From: Cahill, Conor P <conor.p.cahill@intel.com>
Date: Tue, 6 Dec 2005 17:06:52 -0800
Message-ID: <8AEB79DC01BE994D8DE3FD02FA5B475B024CA612@orsmsx409>
To: "David Hull" <dmh@tibco.com>
Cc: "John Kemp" <john.kemp@nokia.com>, "ext Yalcinalp, Umit" <umit.yalcinalp@sap.com>, <public-ws-addressing@w3.org>
 


	A polling protocol should probably provide for 0 .. * messages
coming back on each poll (e.g., send request one, poll, no response,
send request two, poll again, get both responses).  Given this, one
might consider the combination of request messages flowing one way and
poll responses flowing the other as a sort of virtual channel, split
across multiple connections. 

I wasn't specifically referring to polling, but that is another good
exaple of where you can have non request-response sequences that use
anonymous endpoints for the response.
 
My example was more along the lines of a persistent TCP connection
across which multiple requests and responses were sent without regard
for direct pairing/sequencing of the responses.
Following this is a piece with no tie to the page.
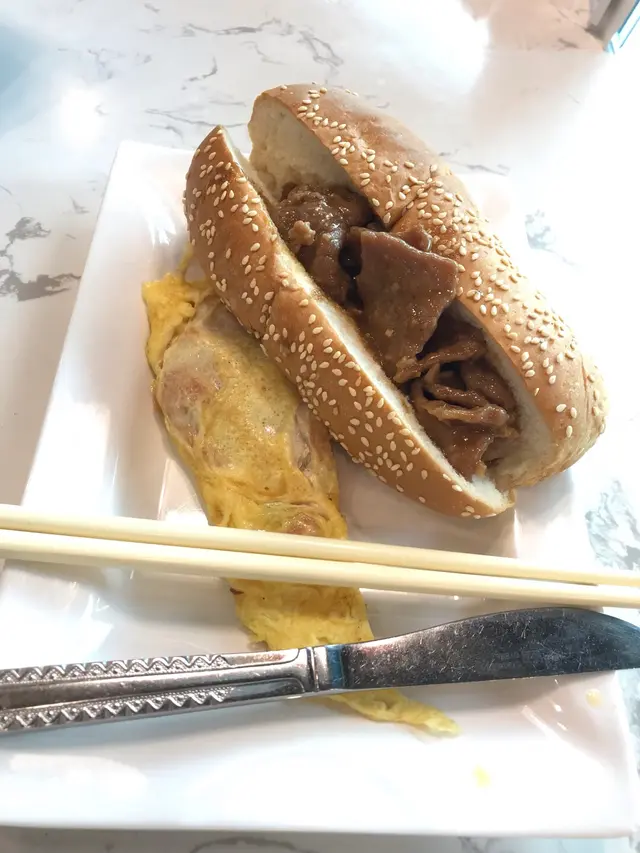 沙爹牛肉潛艇+火腿奄列蛋+熱狗🌭️,肉和香腸都沒有吃,淨係食左個包皮,有牛油的部分除外。本來想食米紙捲,裡面全部都是蔬菜的那種,但它要11am才開始供應,早餐沒有供應,所以最後去到也不知道吃什麼好,便搭著爸媽叫的餐,隨意吃了幾口。#潛艇堡 #越南 #🇻🇳 #越南美食 #越南餐廳 #沙爹 #牛肉 #奄列#omlette 查看更多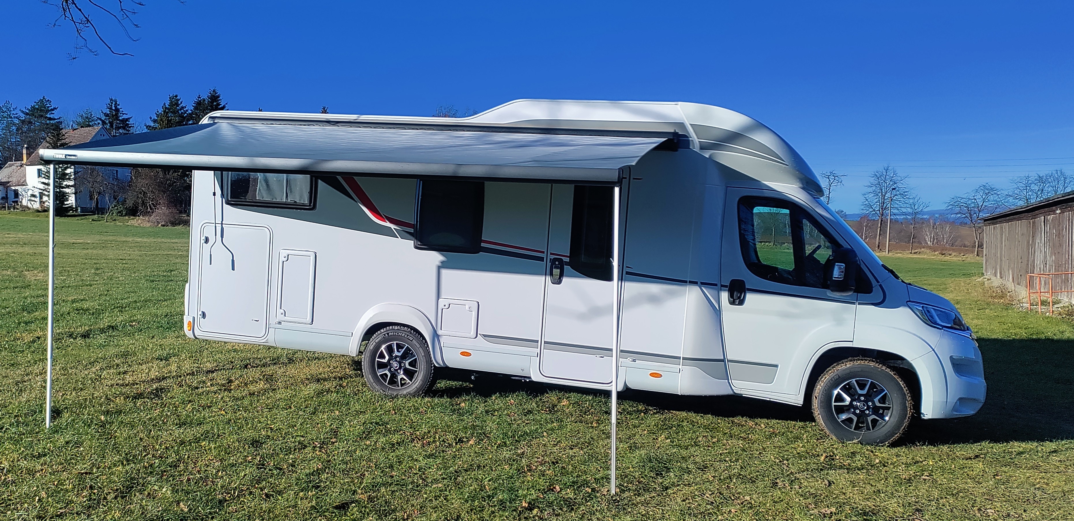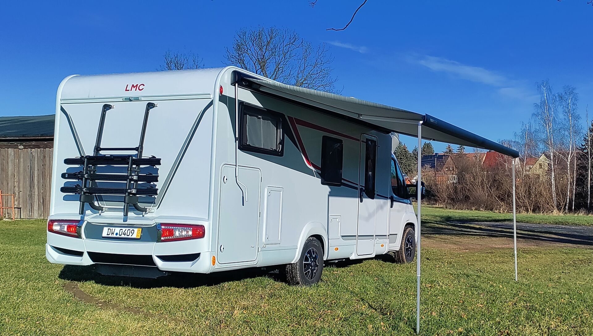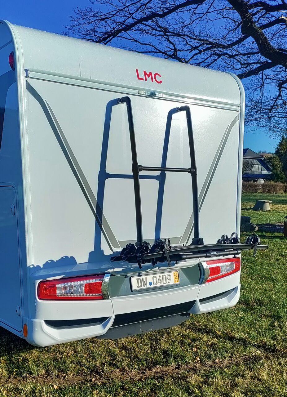 An sonnigen Tagen finden Sie unter der 4,5 Meter breiten Markise Schatten. Auf dem Fahrradträger können bis zu 3 Fahrräder transportiert werden.

	It occurs to me that I'm bringing in yet another notion of
asynchronicity here, namely that response messages may not arrive in the
same order as their corresponding requests.  This is a more general
definition, in that it can be realized by the "non-anonymous callback
EPR" pattern, by the polling pattern and by something
connection-oriented but duplex like an IM protocol. 

Absolutely.   Note that conneciton oriented can be duplex or it can be
monoplex (e.g. just one side sending "requests" and the other side
sending responses to those requests).